Tom Cruise just sucks. That’s all. I see a trailer for a movie he’s going to be in, and I immediately have no interest in seeing it. Something about the guy just makes me want to go anywhere his face isn’t. You can argue that I’m just jealous of a five-foot-tall psychopathic control freak who constantly has to try to re-ingratiate himself to polite society, but I’m not alone. We are legion. When I’m at a function where I don’t know anyone, all I need to do is throw out an “Ugh, I hear Tom Cruise has a new movie coming out.” The ball only starts rolling from there. Soon a crowd is gathered, and we unite as brothers and sisters of humanity through our mutual disgust of Mr. Cruise.
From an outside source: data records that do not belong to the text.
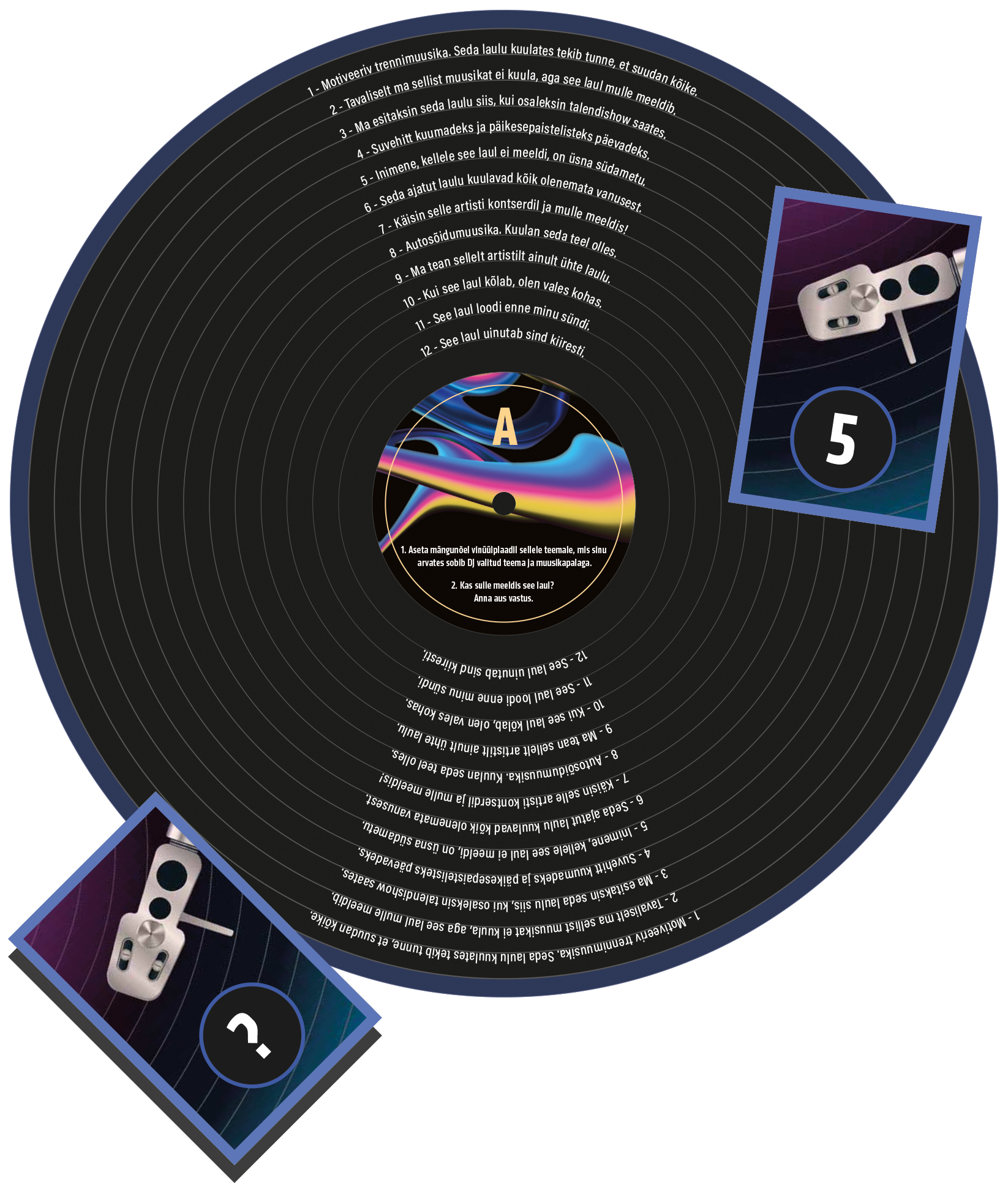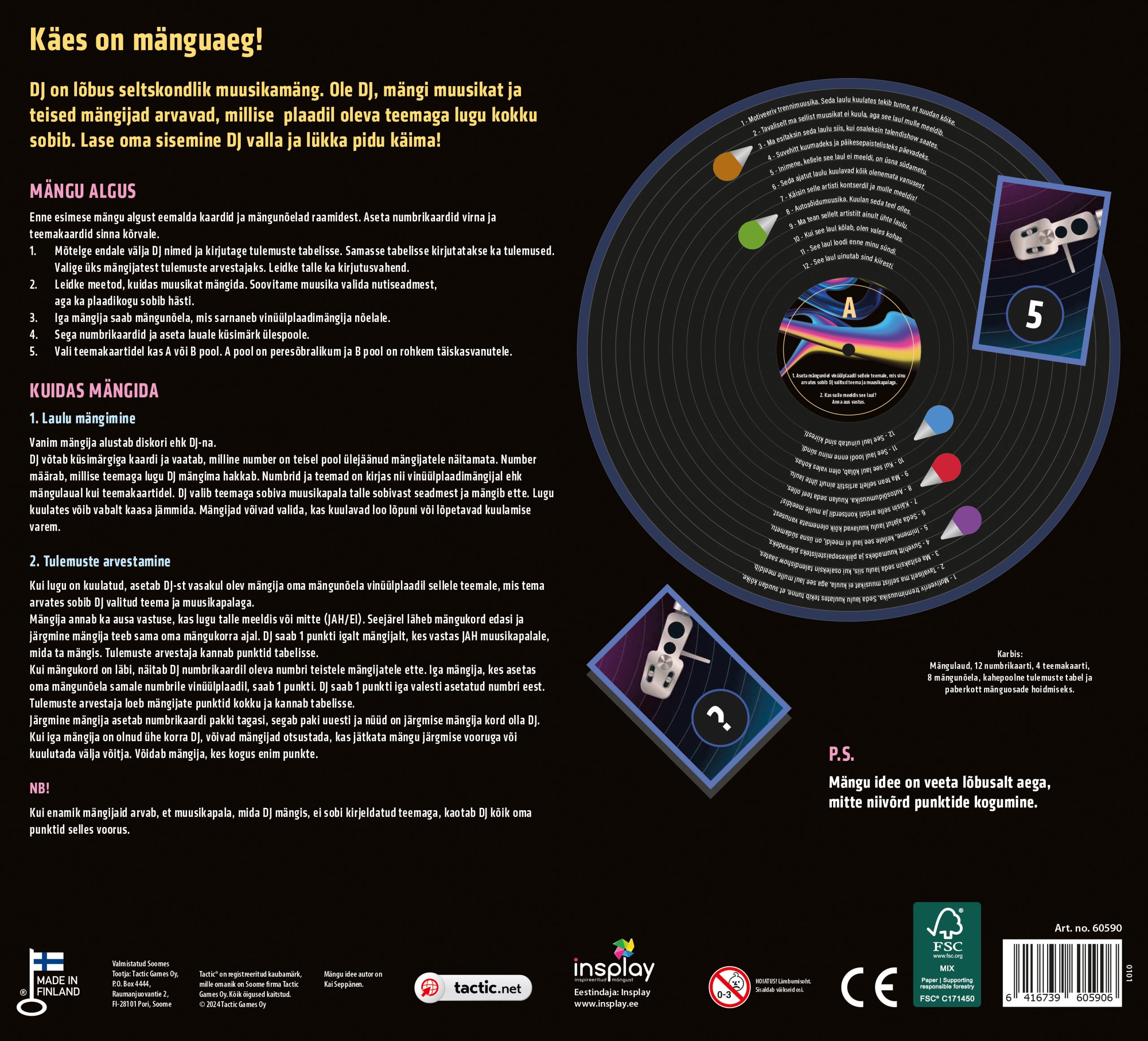 Käes on mänguaeg! Ole DJ, mängi muusikat ja teised mängijad arvavad, millise plaadil oleva teemaga lugu kokku sobib. DJ peomäng muusikaga pakub elavat ja muusikaküllast kogemust, mis on nii sotsiaalne kui ka oskusi arendav.
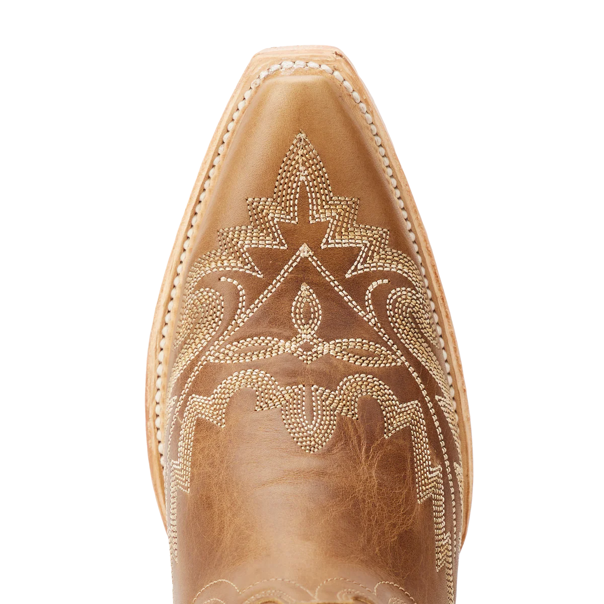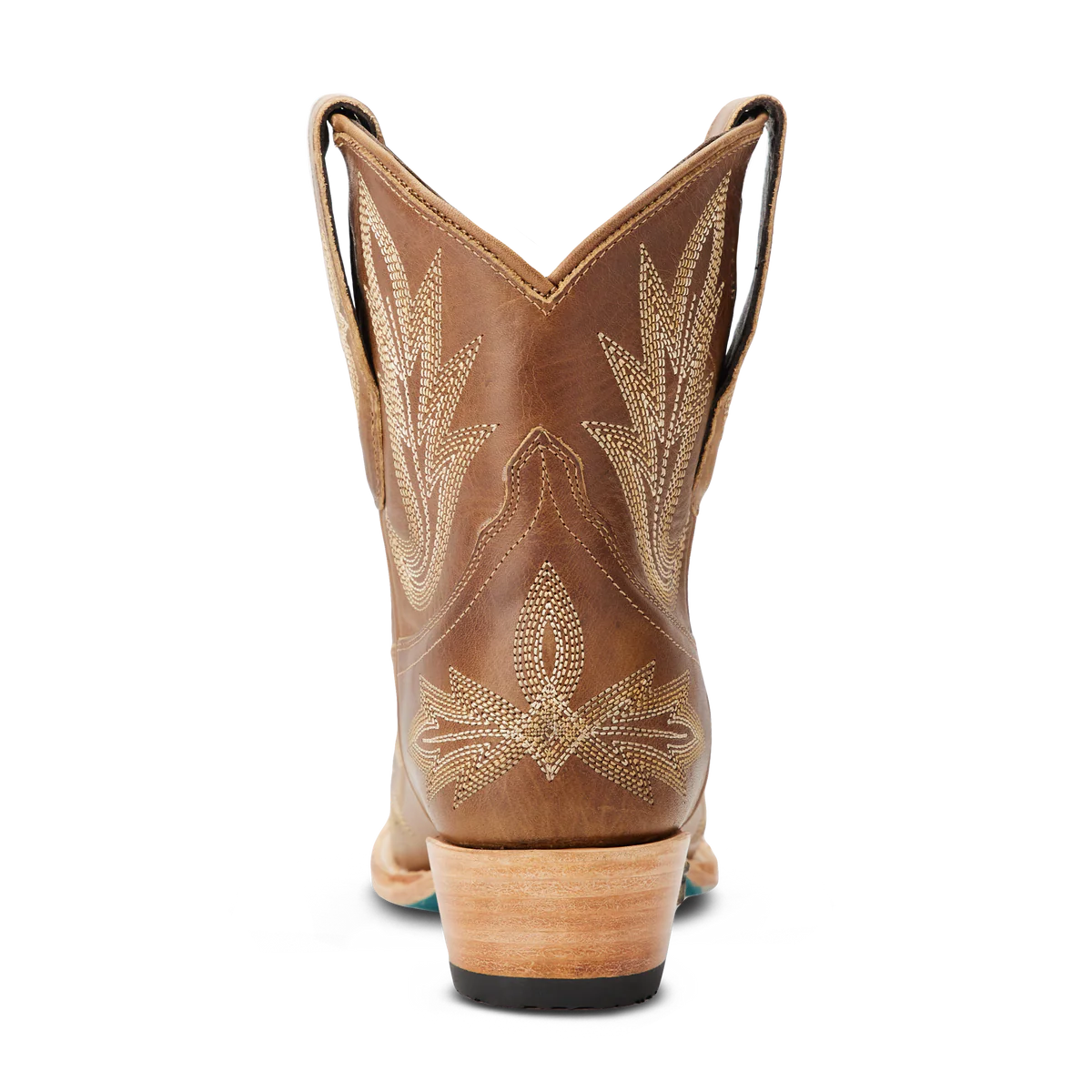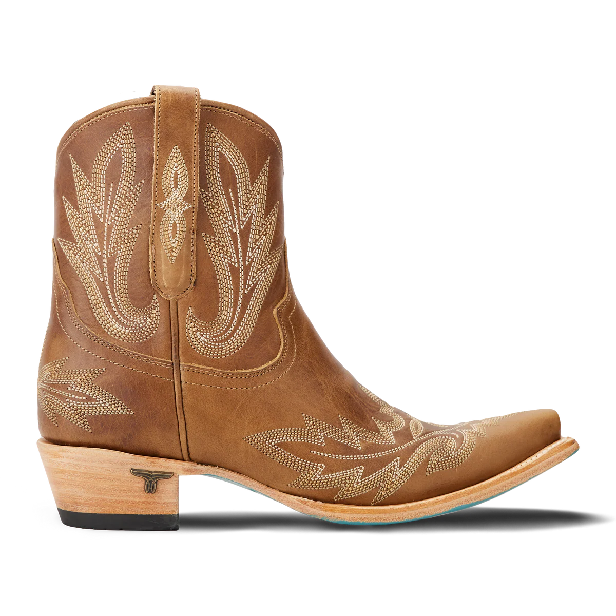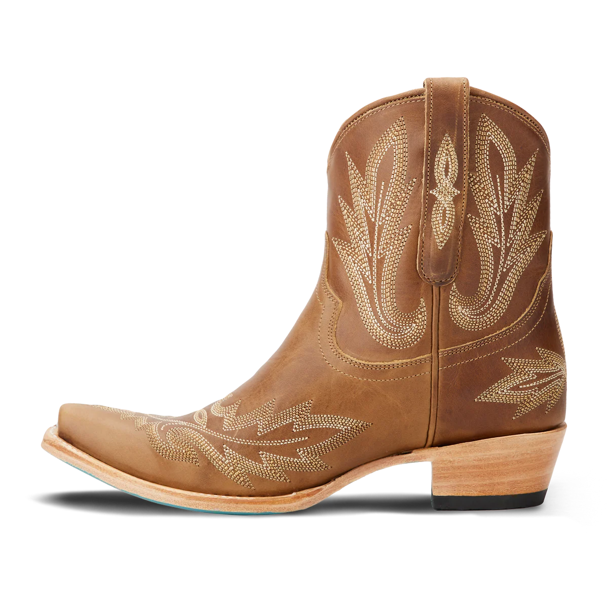 Heirloom quality ankle boots with a western influence. The classic snip toe profile is embroidered to perfection with a twist on traditional flame stitch in bootie form. She's short, sweet, and just the right height to pair well with your wardrobe.
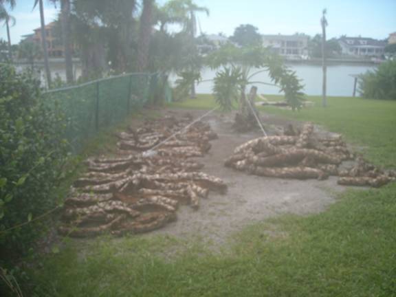 I have been amusing myself pruning a bush. It used to occupy the bare area and then some. The leaves had to be cut. Roots were pulled up and cut. Trash was carried away. And now the thing has been reduced to the trunks. Those on the left have been split. Those on the right await their turn. The remaining trunk I hope to train to go straight up for few years and then curve back to the ground, making a nice arch.
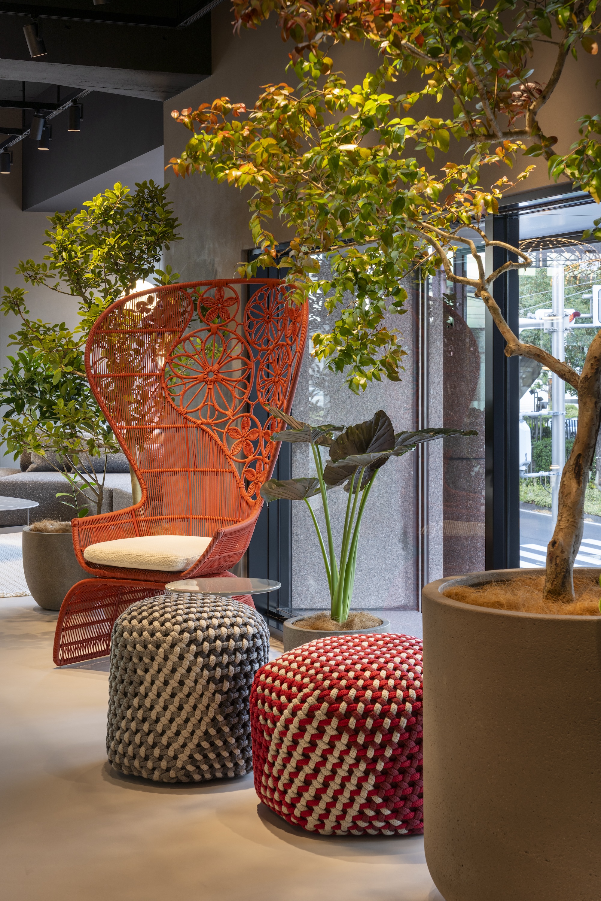 シーン別に広がる空間をアイコニックなソファやテーブルが彩り、
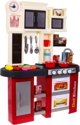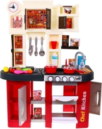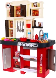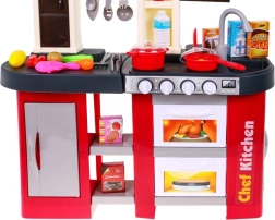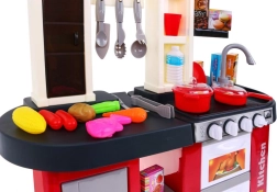 Dette rummelige plastkøkken i rød-sort design giver børn fra 3 år en autentisk madlavningsoplevelse. Realistiske lyseffekter og lyde af madlavning og stegning ved drejning af knapperne understøtter kreativ leg og finmotorik. Med en arbejdende vandhane, der løfter legen til næste niveau.
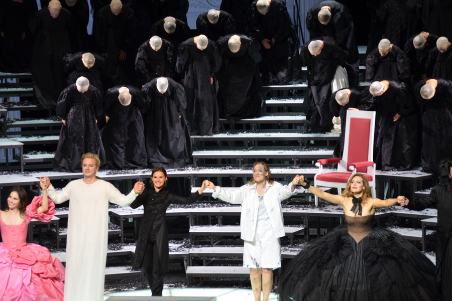 Первое исполнение «Титуса»* с генералмузикдиректором Баварской Штаатсопер Кириллом Петренко захватило впечатлением целостности интонационного мира Моцарта. При этом совершенство звучания оркестра, динамика музыкальных образов «позднего Моцарта» полемизировали со статической сценографией спектакля — со стилистикой имперской ультрацеремониальности декораций, с презентацией аффектов, увеличенных «под лупой» видеоинсталляций, с пародийно-роскошными псевдобарочными костюмами и париками (режиссер Ян Боссе, сценография Стефан Лейме, костюмы Виктория Бер, видео – Биби Абель).
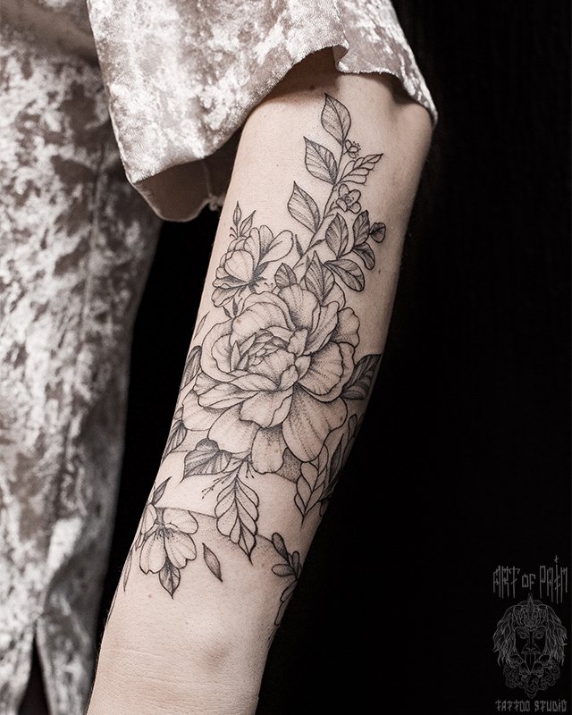 Татуировка женская графика на предплечье дикие цветы (Мария Котова) 4523
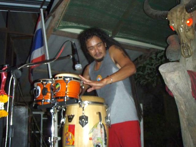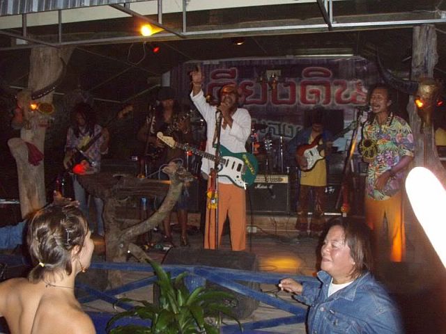 From Krabi we had a strict schedule to follow, of which timing was critical. It had come to us from a reliable source (Google) that Job 2 Do was playing in a town somewhere in Krabi Province on Friday the 28th. For those unfamiliar with the Thai music scene, Job 2 Do is a Thai reggae band that we fell in love with, as have many other travelers we've met. Since the town is small and not a typical destination for whiteies we had trouble finding people who knew of its existence. In the end we took a local bus from Krabi and jumped off in an unknown, non-tourist town. After inquiring at a few places about the whereabouts of the supposed restaurant where the supposed concert would be held we were rewarded with recognition and excited Thai babble which included the words 'Job 2 Do'. Nodding vigorously we were pointed towards the restaurant, where we found people preparing for what appeared to be a concert later. The prospect of Goodells at the concert excited them and they drove us to a nearby guesthouse so we could drop our bags and do our hair and stuff before the nights festivities.
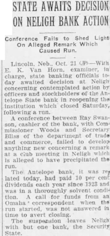 STATE AWAITS DECISION ON NELIGH BANK ACTION Conference Fails to Shed Light Alleged Which Caused Run. Lincoln. Oct. Van examiner, banking officials charge, decision Neligh concerning contemplated officers stockholders the telope State bank in institution which closed Saturday, conference Ray the bank, Bliss the of trade failed develop new alleged to have precipitated the bank, lated today, had paid 10 year since for funds from when Neligh one bank, the Security
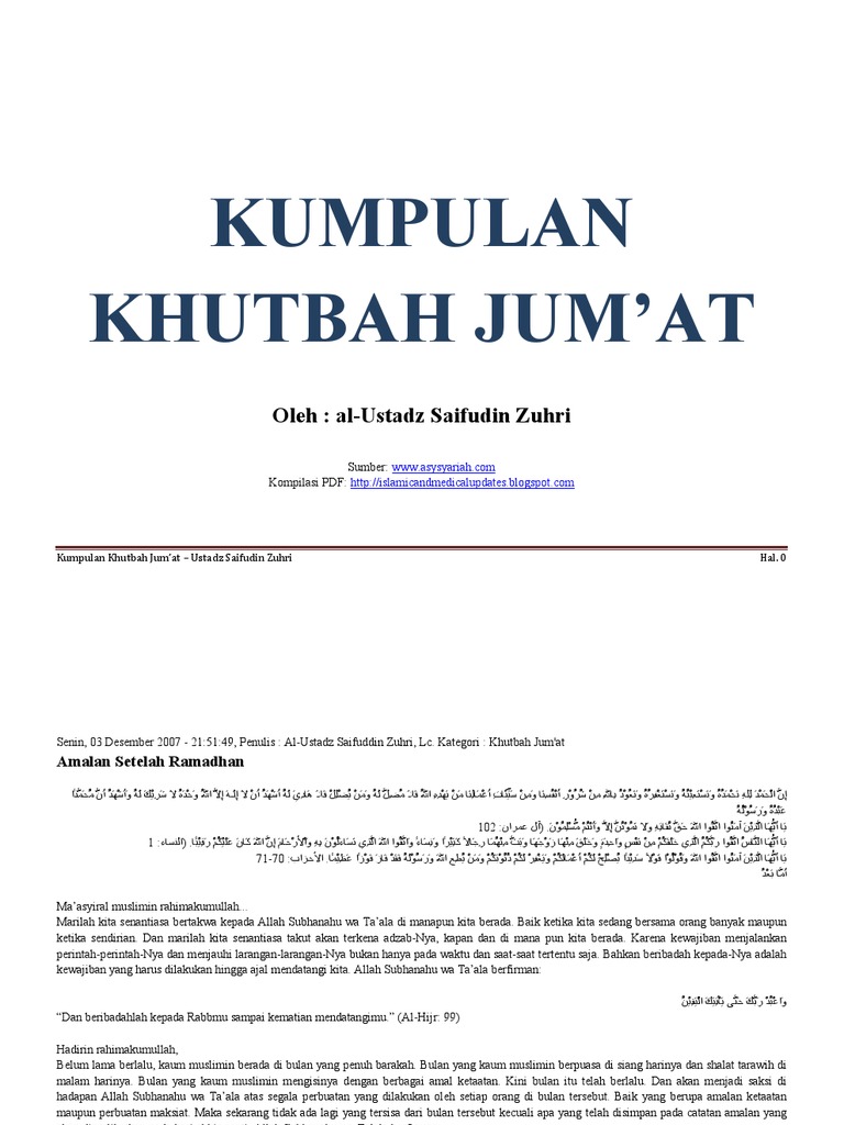 Kumpulan Khutbah Jum’at - Ustadz Saifuddin Zuhri

It’s not rational. It’s not even fair. But it’s damn near universal. Ray Bradbury wrote a short story about a man who hacks his way into the heart of an unexplored jungle. There he finds creatures whose very presence trigger a flight response in him. When he tries to fight it, he begins vomiting uncontrollably. There is no reason for him to feel this way. The creatures are tiny, harmless, and benevolent. Tom Cruise is like that: tiny and harmless (not sure about the benevolent part), but something about him makes my skin, and a lot of other people’s skin, crawl. Oh, and in the story, the creatures turn out to be the real earthlings, while we are descendants from Martians. I think the conclusion is pretty obvious there. I rest my case.